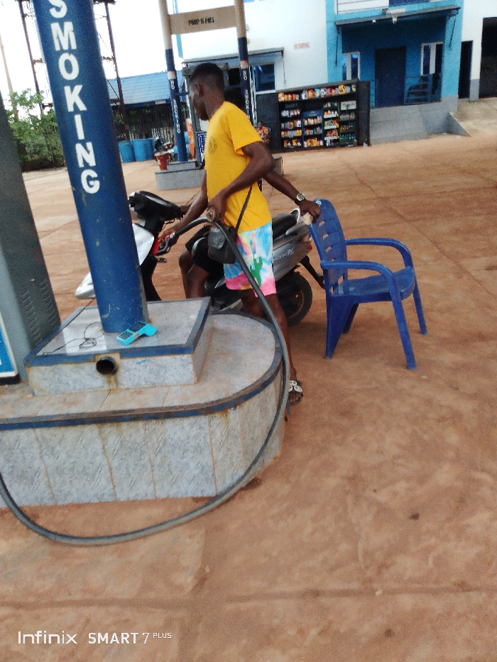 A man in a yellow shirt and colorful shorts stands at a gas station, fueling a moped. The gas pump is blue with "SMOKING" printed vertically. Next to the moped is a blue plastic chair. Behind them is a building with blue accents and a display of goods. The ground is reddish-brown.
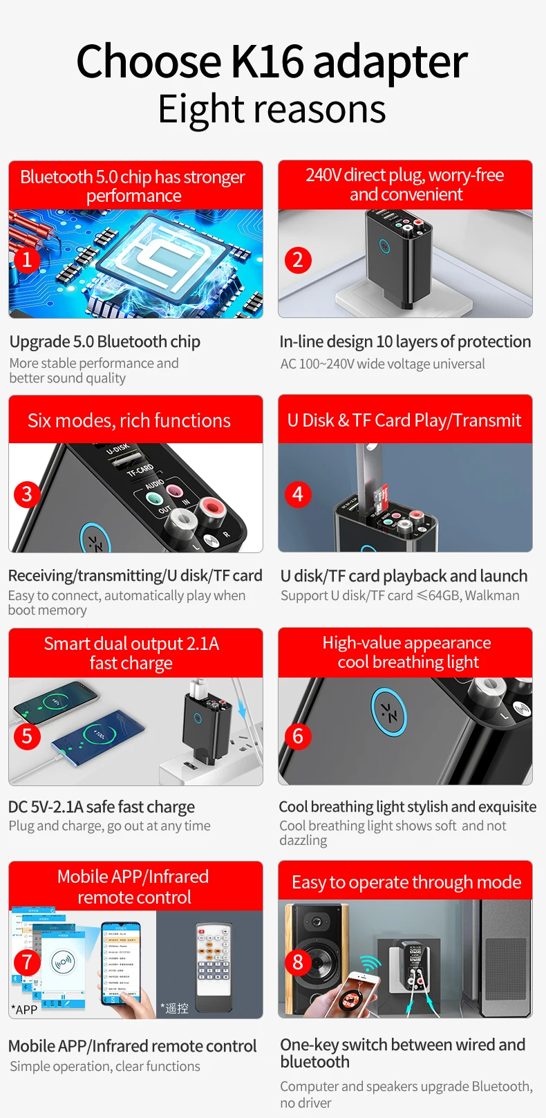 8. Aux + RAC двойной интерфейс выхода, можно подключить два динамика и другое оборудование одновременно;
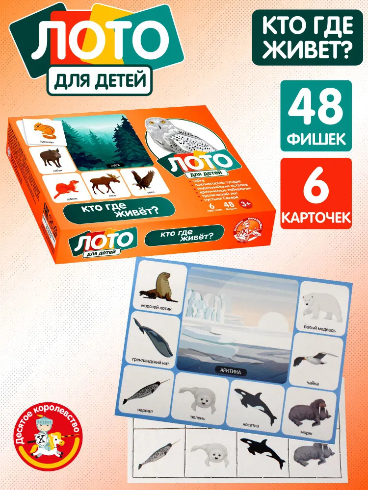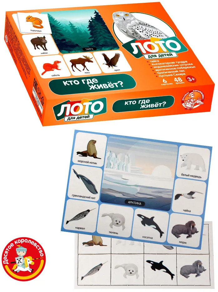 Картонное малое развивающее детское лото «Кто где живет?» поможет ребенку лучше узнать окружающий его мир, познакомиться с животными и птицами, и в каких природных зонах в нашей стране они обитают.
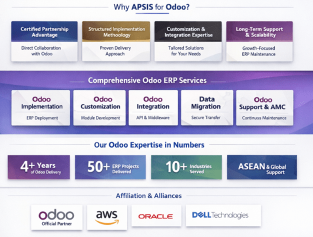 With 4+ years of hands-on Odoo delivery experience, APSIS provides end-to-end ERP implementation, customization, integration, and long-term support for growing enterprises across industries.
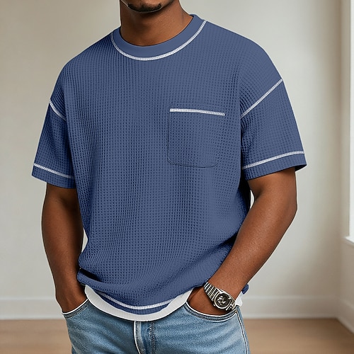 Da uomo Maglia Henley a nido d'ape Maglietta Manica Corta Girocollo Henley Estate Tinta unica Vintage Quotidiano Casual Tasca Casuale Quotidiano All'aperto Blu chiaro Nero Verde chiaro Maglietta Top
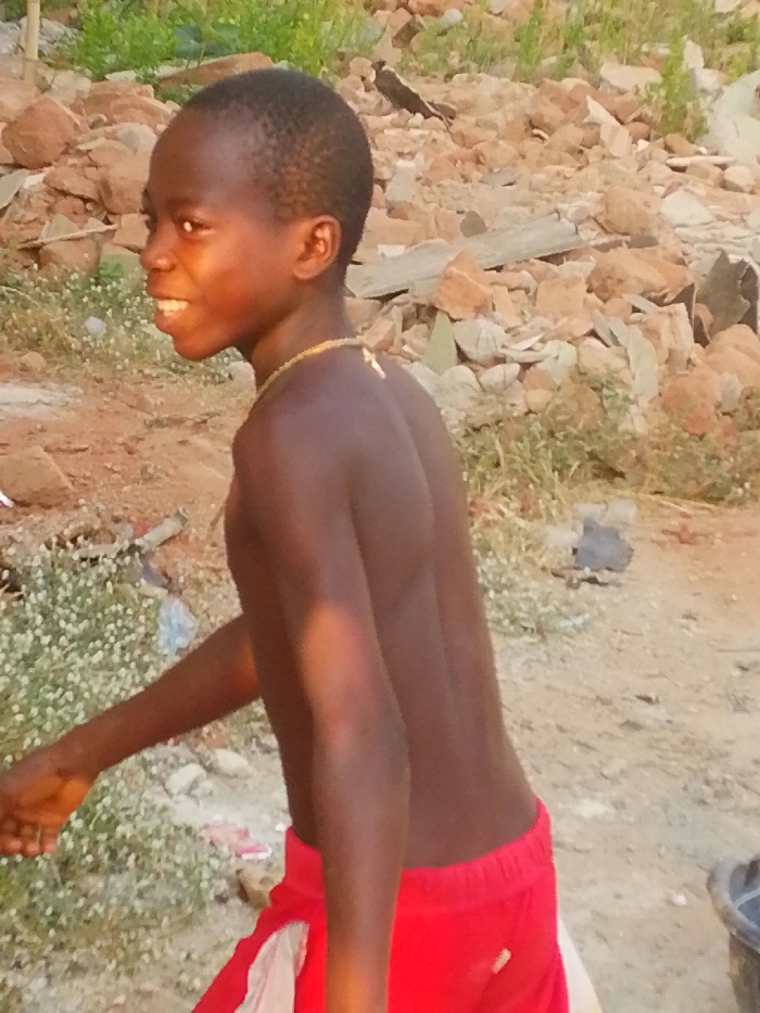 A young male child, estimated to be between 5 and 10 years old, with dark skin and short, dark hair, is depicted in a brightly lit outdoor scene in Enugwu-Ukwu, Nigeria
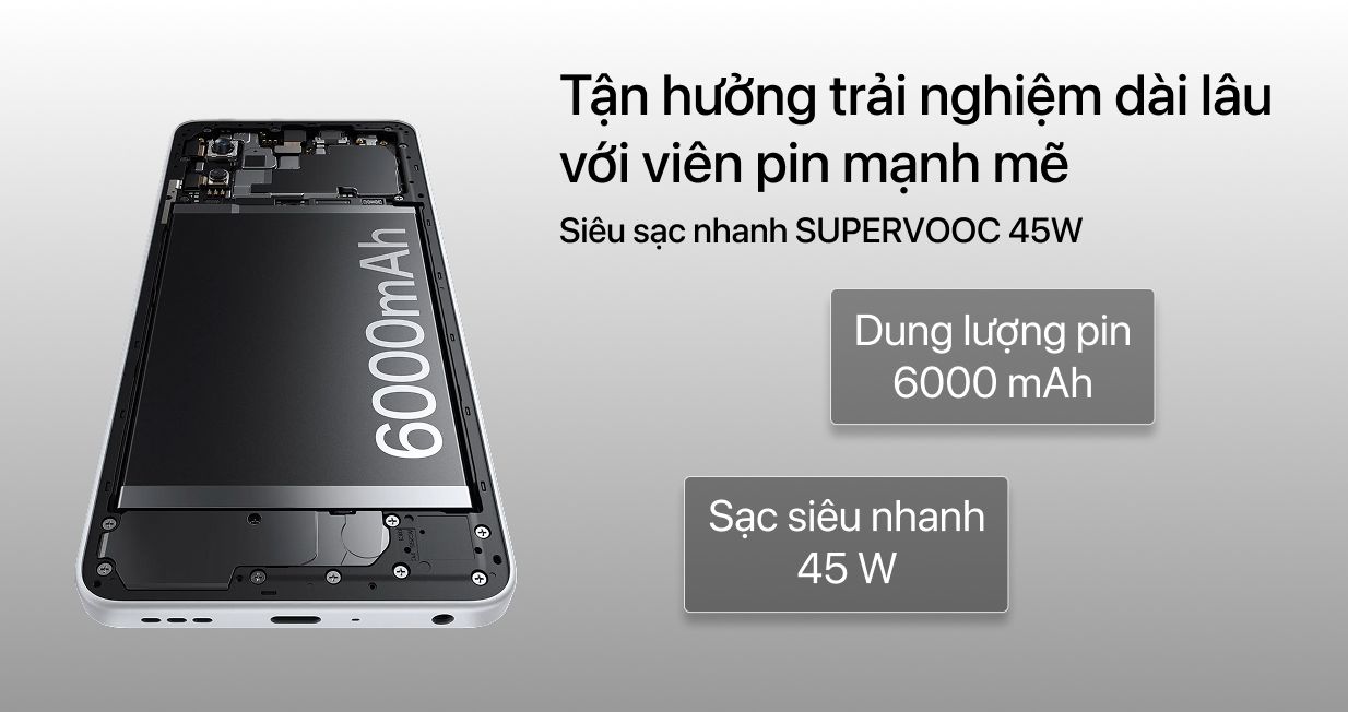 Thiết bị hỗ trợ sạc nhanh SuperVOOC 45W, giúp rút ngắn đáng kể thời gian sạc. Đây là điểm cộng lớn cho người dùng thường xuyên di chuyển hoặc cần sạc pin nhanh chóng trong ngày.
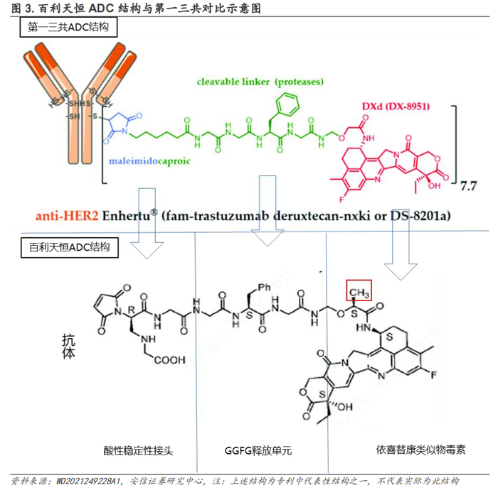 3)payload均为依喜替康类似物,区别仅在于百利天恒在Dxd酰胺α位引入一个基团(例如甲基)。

**How to complete this task**
Only the text of the entries above, transcribed exactly, should be given; leave out pictures.

**Result of the exercise**
 A man in a yellow shirt and colorful shorts stands at a gas station, fueling a moped. The gas pump is blue with "SMOKING" printed vertically. Next to the moped is a blue plastic chair. Behind them is a building with blue accents and a display of goods. The ground is reddish-brown.
 8. Aux + RAC двойной интерфейс выхода, можно подключить два динамика и другое оборудование одновременно;
 Картонное малое развивающее детское лото «Кто где живет?» поможет ребенку лучше узнать окружающий его мир, познакомиться с животными и птицами, и в каких природных зонах в нашей стране они обитают.
 With 4+ years of hands-on Odoo delivery experience, APSIS provides end-to-end ERP implementation, customization, integration, and long-term support for growing enterprises across industries.
 Da uomo Maglia Henley a nido d'ape Maglietta Manica Corta Girocollo Henley Estate Tinta unica Vintage Quotidiano Casual Tasca Casuale Quotidiano All'aperto Blu chiaro Nero Verde chiaro Maglietta Top
 A young male child, estimated to be between 5 and 10 years old, with dark skin and short, dark hair, is depicted in a brightly lit outdoor scene in Enugwu-Ukwu, Nigeria
 Thiết bị hỗ trợ sạc nhanh SuperVOOC 45W, giúp rút ngắn đáng kể thời gian sạc. Đây là điểm cộng lớn cho người dùng thường xuyên di chuyển hoặc cần sạc pin nhanh chóng trong ngày.
 3)payload均为依喜替康类似物,区别仅在于百利天恒在Dxd酰胺α位引入一个基团(例如甲基)。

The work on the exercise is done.